It's been covered quite a bit on here but in most setups TEMS medics are street medics that work a regular street shift or supervisor shift and are on call for TEMS. 

Our TEMS Team is it's own team with its own commanders and own trainings days that operate with City, County and Federal Tactical teams that operate within our county. They provide medical support at SWAT trainings as well as participate in said trainings with the teams as well, obviously. They also do can be assigned to tactical teams that are providing protection for dignitaries and "high value" persons including the President of the United States.

Our TEMS medics are unarmed and generally will operate in the warm and hot zone. Sometimes they're in the stack, sometimes they're in the APC in front of the house. It varies from operation to operation.

There's a lot more to TEMS than just the emergent management of injuries during tactical operations. 

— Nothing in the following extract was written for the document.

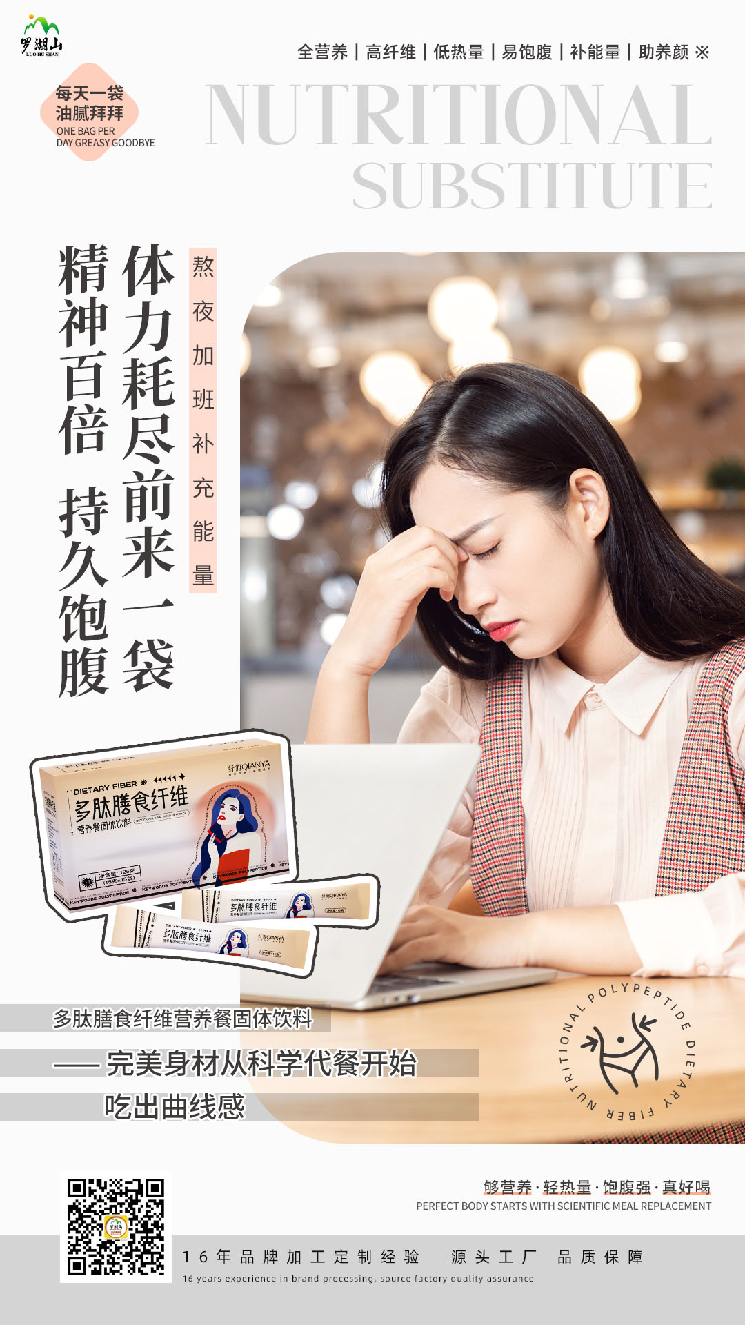 廣州羅湖山生物醫(yī)藥科技有限公司特推出多肽膳食纖維營養(yǎng)餐,富含膳食纖維,添加多種小分子肽,高營養(yǎng),低熱量,強飽腹。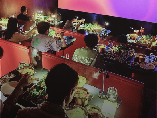 邊吃火鍋邊看電影,不只是在家里才能出現(xiàn)的場(chǎng)景,在三克映畫的電影院同樣能做到?!拔覀兿M麑⑷擞钞嫶蛟斐梢粋€(gè)集電影、美食、小型演出以及娛樂活動(dòng)等為一體的空間?!逼放苿?chuàng)始人韓春暉表示,通常情況下,在三克映畫放映的電影與院線同步,不過在和餐飲搭配的電影選擇上,也是有講究的。他說,影院通常會(huì)選擇放映一些比較輕松、娛樂性較強(qiáng)的電影。

Luno did a fantastic post in a TEMS thread recently that outlines the role of a TEMS provider.


----------



## Nerotik (Apr 16, 2013)

That sounds great. It sounds like just the kind of position I am looking for, one where I can be of use with medical skills and also be part of the team itself. I really wish I could join the NG or something


----------



## DeepFreeze (Apr 16, 2013)

So you're looking for private security contracting? Or ems contracting? This forum doesn't have too many private security people.

I was a private firefighter contractor, never made it to the sand box...but I did another gig.h34r:

Look at XE (blackwater, or whatever they call themselves now), KBR, G4S (wackenhut, I think that's their new name). Maybe you can find something. But I'll be honest. If you're looking for EMS contracting you should be at least a Paramedic. If you're looking for "Security Contracting" you should be former military.

Good luck, but like how others have said the jobs are winding down. They aren't as lucrative anymore. But who knows maybe they'll have openings in Korea.


----------



## CFal (Apr 16, 2013)

a couple weeks ago they were hiring basics for $84,000 (94,000 for medics) per year to work at camp leatherneck, only 2 years experience needed was the only qualification, no other military experience or classes required.


----------



## RocketMedic (Apr 16, 2013)

True, but with Afghanistan winding down, that contract will go away. 
Nerotik, you have to remember that contract EMS falls into two pools, the "garrison" and "out there". For a great taste of garrison action, volunteer with a local fire department or be an EMT. You will drive an ambulance, occasionally help lift, and maybe assess a nonemergent patient with isolated orthopedic injuries.  Even as a medic, its a fairly boring tour on all but the biggest bases. Boring = good for veteran medics, but its pretty boring. Most really sick people on FOBs enter the health-care system by literally walking to it.

Out there is the field stuff Blackwater got famous for. That was an aberration. Most tactical medical teams try very hard to be as boring as possible and literally drive around VIPs all day. For a picture of this, go to your local Walmart and patrol one section, but challenge no one and try not to look creepy. I recommend Electronics or auto parts, but fabrics is a great representation of a low volume post. If you loved guarding oil from children trying to drink it, you will love guarding oil operations.


----------



## Nerotik (Apr 16, 2013)

Damn that would be a great gig. I really need to get all of my certs and everything in order and on the ready so when an opportunity like that pops up I am not only already qualified for it but half packed as well lol.


----------



## Nerotik (Apr 16, 2013)

CFal said:


> a couple weeks ago they were hiring basics for $84,000 (94,000 for medics) per year to work at camp leatherneck, only 2 years experience needed was the only qualification, no other military experience or classes required.


 Now that would be great for me, I always miss out on the good opportunities like this.


----------



## CFal (Apr 16, 2013)

Nerotik said:


> Now that would be great for me, I always miss out on the good opportunities like this.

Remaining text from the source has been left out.